• _Brief_
Omit the pictures and retype only the lines from the one containing "תאונה קשה בבית" through the end of the listing, both ends included.

• _Dataset extract_

::::

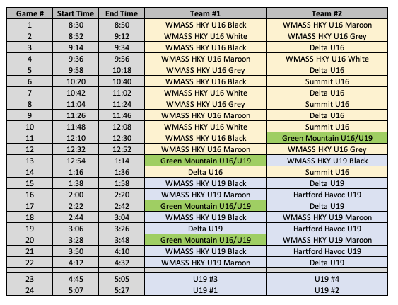 Please Note: Schedule was updated 1/30 @10:50am (there was a small typo in the end time for game #7, so that has been updated and the following games start slightly later (15 minutes)
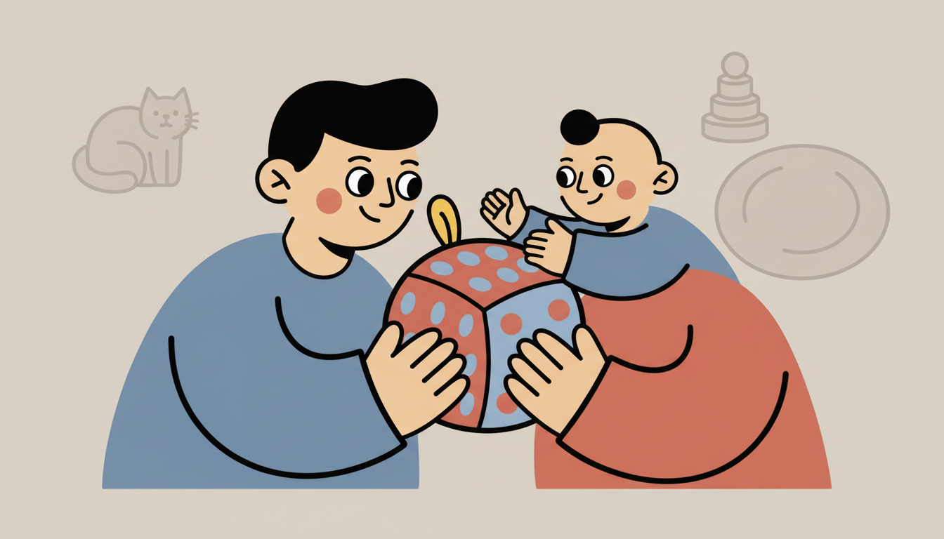 Hold a toy or safe household object between you and your child. Take turns touching it, shaking it, or exploring it in different ways. Narrate what each of you is doing with simple words. This teaches your child that objects can be shared and explored together. They learn that cooperative play is more interesting than solo play.
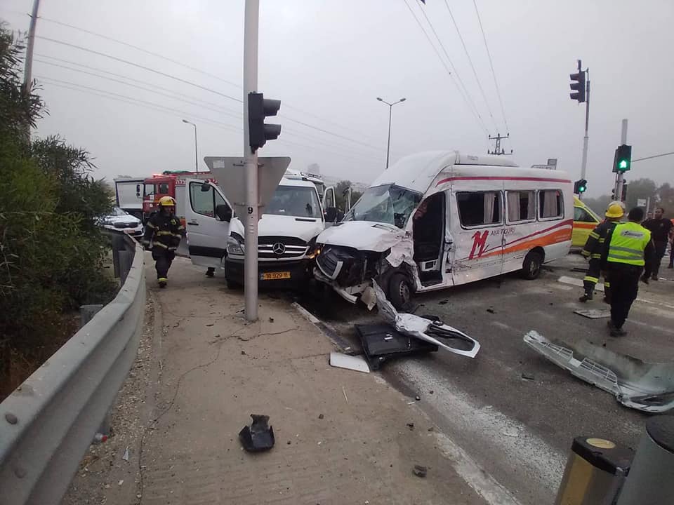 תאונה קשה בבית הגדי: 8 פצועים מהתנגשות רכב הסעות במשאית
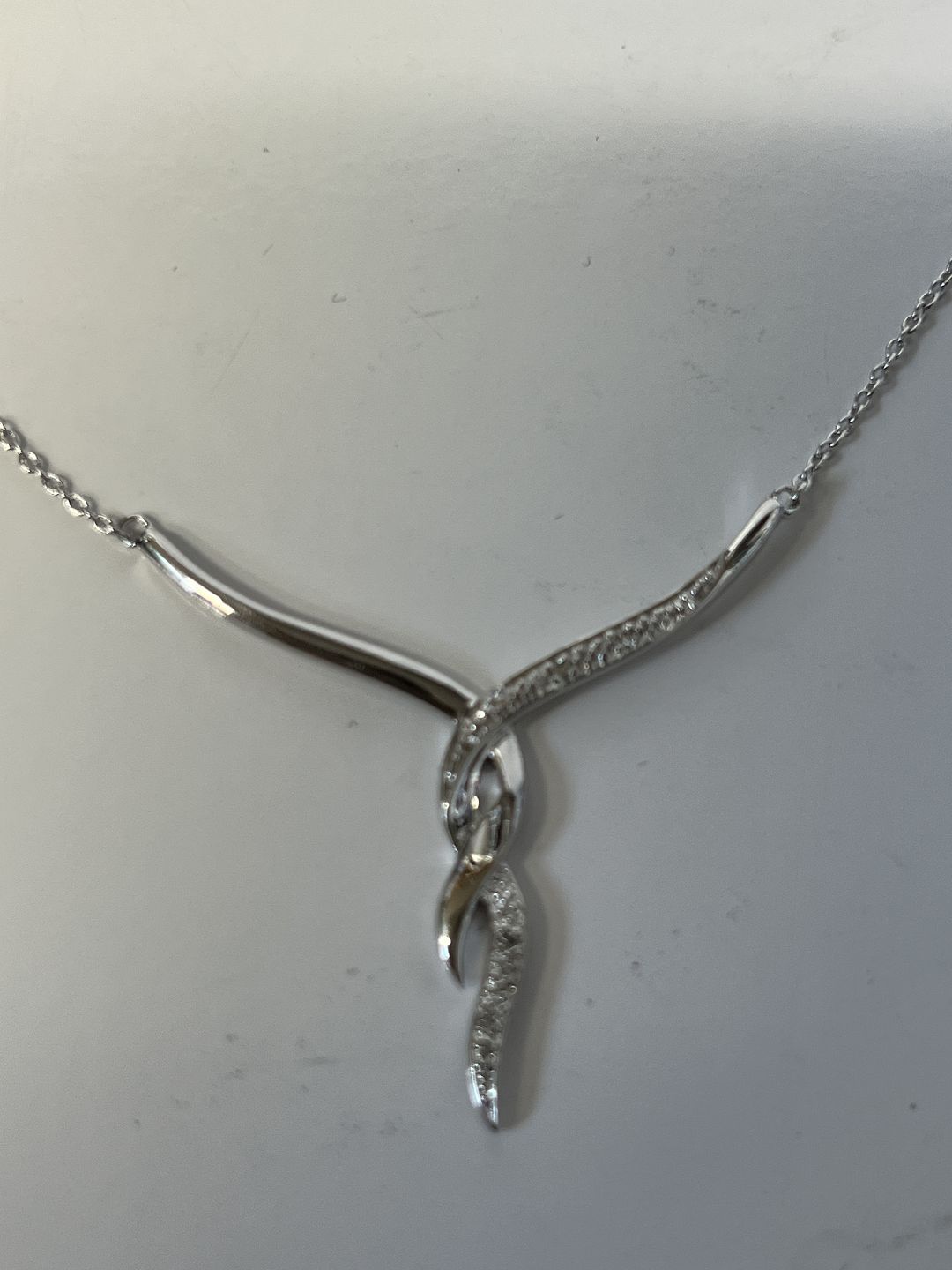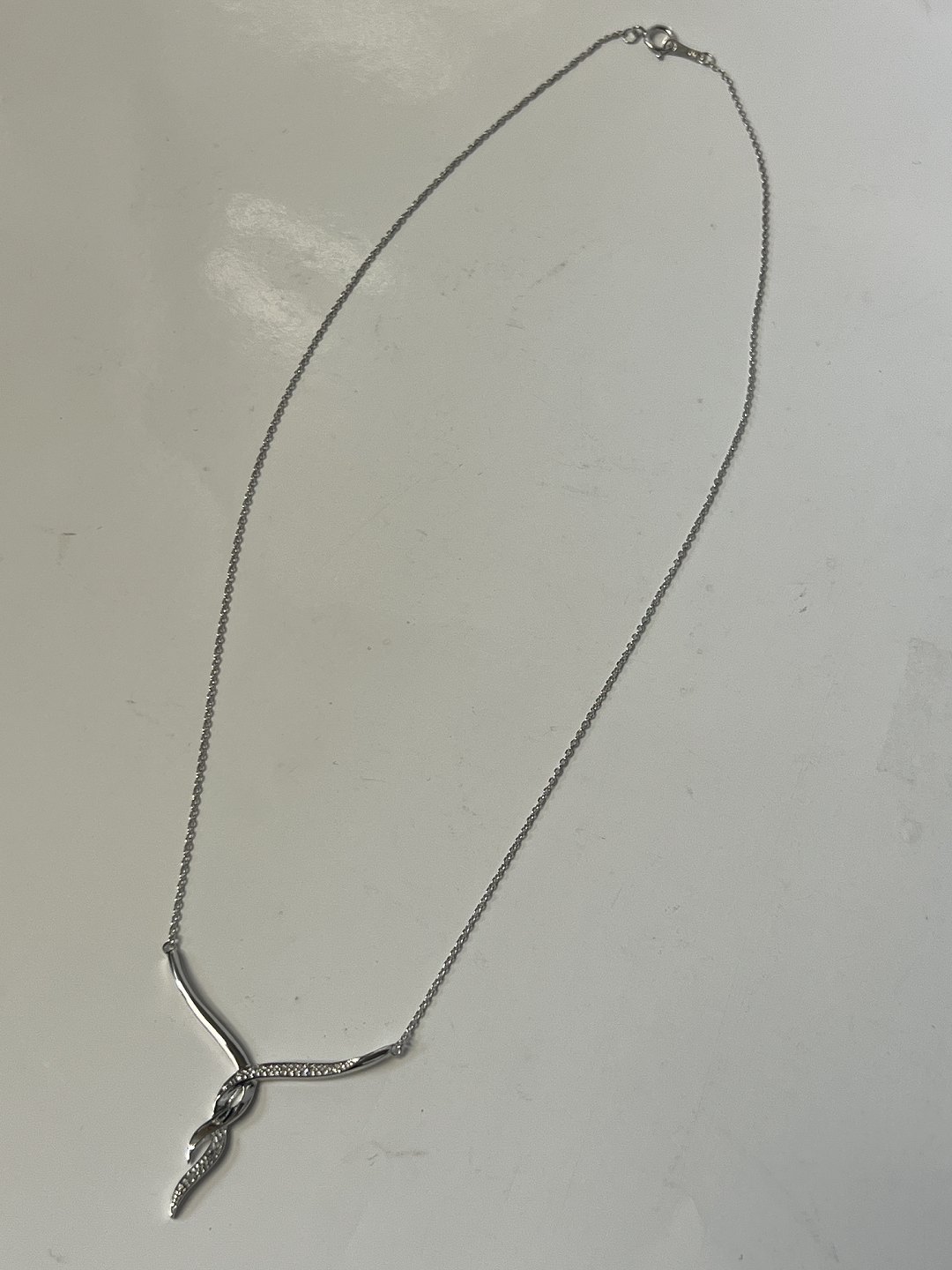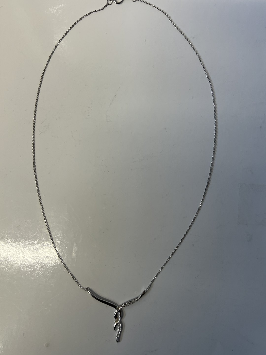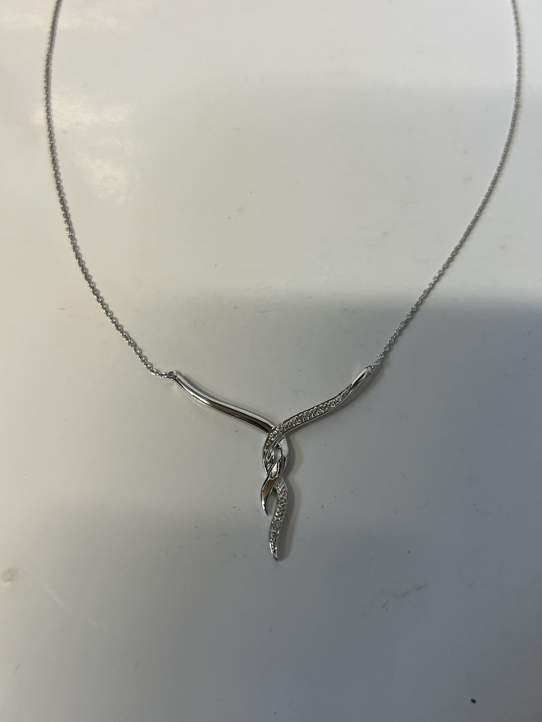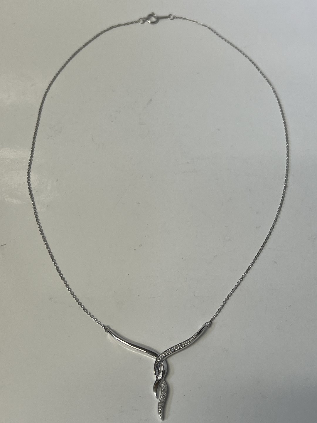 14 karat hvidguld Halskæde med vedhæng, med indlagte Diamanter.

::::

• _Answer to the problem_
 תאונה קשה בבית הגדי: 8 פצועים מהתנגשות רכב הסעות במשאית
 14 karat hvidguld Halskæde med vedhæng, med indlagte Diamanter.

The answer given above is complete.